**Exercise directions**
Copy out the data below as written; omit any images.

**Data segment**
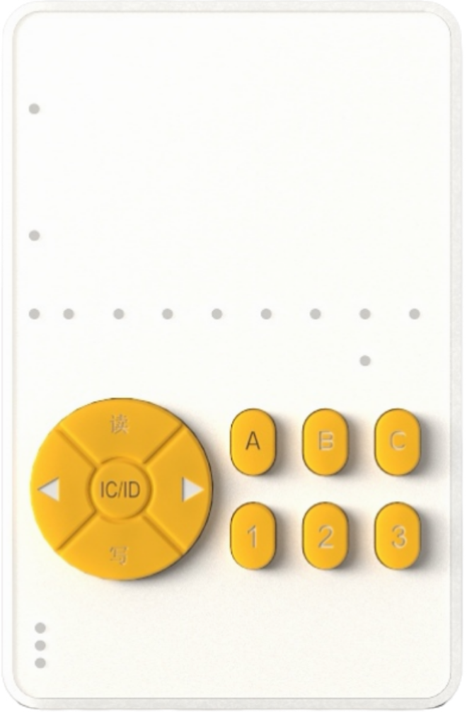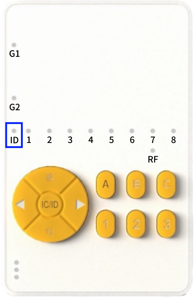 熊猫三代支持ID卡的读写操作,当ID指示灯亮起即可对ID卡脱机读写,或者表明当前卡位为模拟ID卡模式。该灯不亮的时候表明处于IC卡模式。通过短按中间的“IC/ID”按键即可切换IC和ID模式。
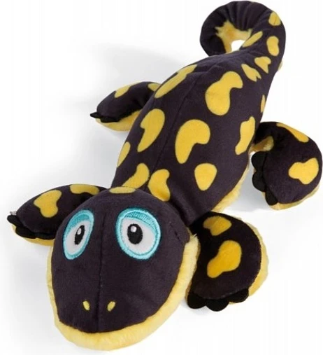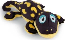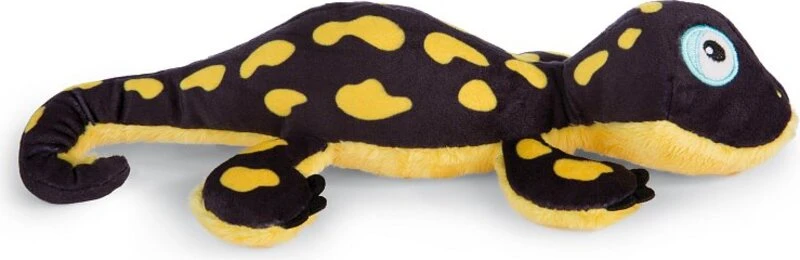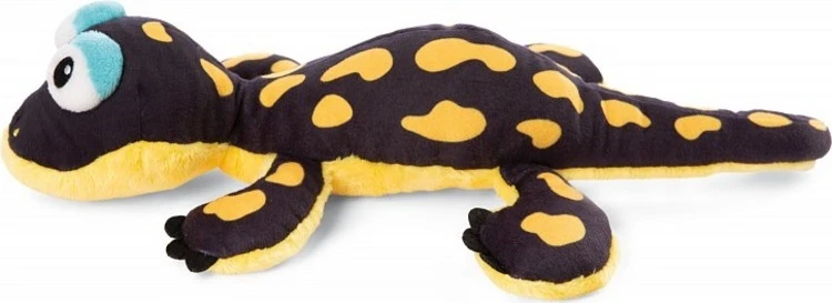 Fröhlicher Fleckensalamander Don Fuego mit gestickten Augen. Für die GREEN-Serie von Nici werden fast ausschließlich Plüsch- und Füllmaterialien aus recycelten Materialien verwendet.
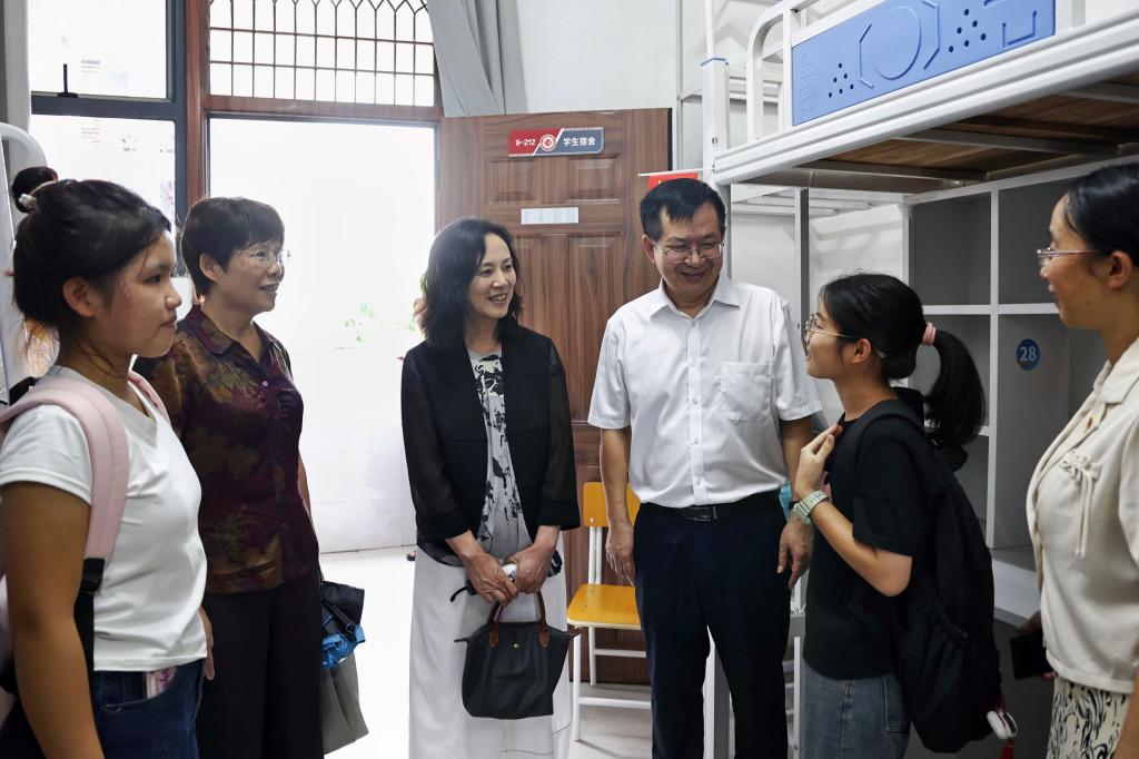 “同学从哪里来?”“一切都安排妥当了吗?”“孩子送到右医来上学,请放心。”在走访百东校区思源公寓时,校领导与新生及家属进行亲切交流,从个人规划、生活习惯、住宿饮食等多方面深入了解新生情况,鼓励新生们尽快转变角色,适应新环境。校领导表示将持续关心和支持新生的成长和发展,为他们提供更加优质的教育资源和更加广阔的发展空间。

**Result of this task**
 熊猫三代支持ID卡的读写操作,当ID指示灯亮起即可对ID卡脱机读写,或者表明当前卡位为模拟ID卡模式。该灯不亮的时候表明处于IC卡模式。通过短按中间的“IC/ID”按键即可切换IC和ID模式。
 Fröhlicher Fleckensalamander Don Fuego mit gestickten Augen. Für die GREEN-Serie von Nici werden fast ausschließlich Plüsch- und Füllmaterialien aus recycelten Materialien verwendet.
 “同学从哪里来?”“一切都安排妥当了吗?”“孩子送到右医来上学,请放心。”在走访百东校区思源公寓时,校领导与新生及家属进行亲切交流,从个人规划、生活习惯、住宿饮食等多方面深入了解新生情况,鼓励新生们尽快转变角色,适应新环境。校领导表示将持续关心和支持新生的成长和发展,为他们提供更加优质的教育资源和更加广阔的发展空间。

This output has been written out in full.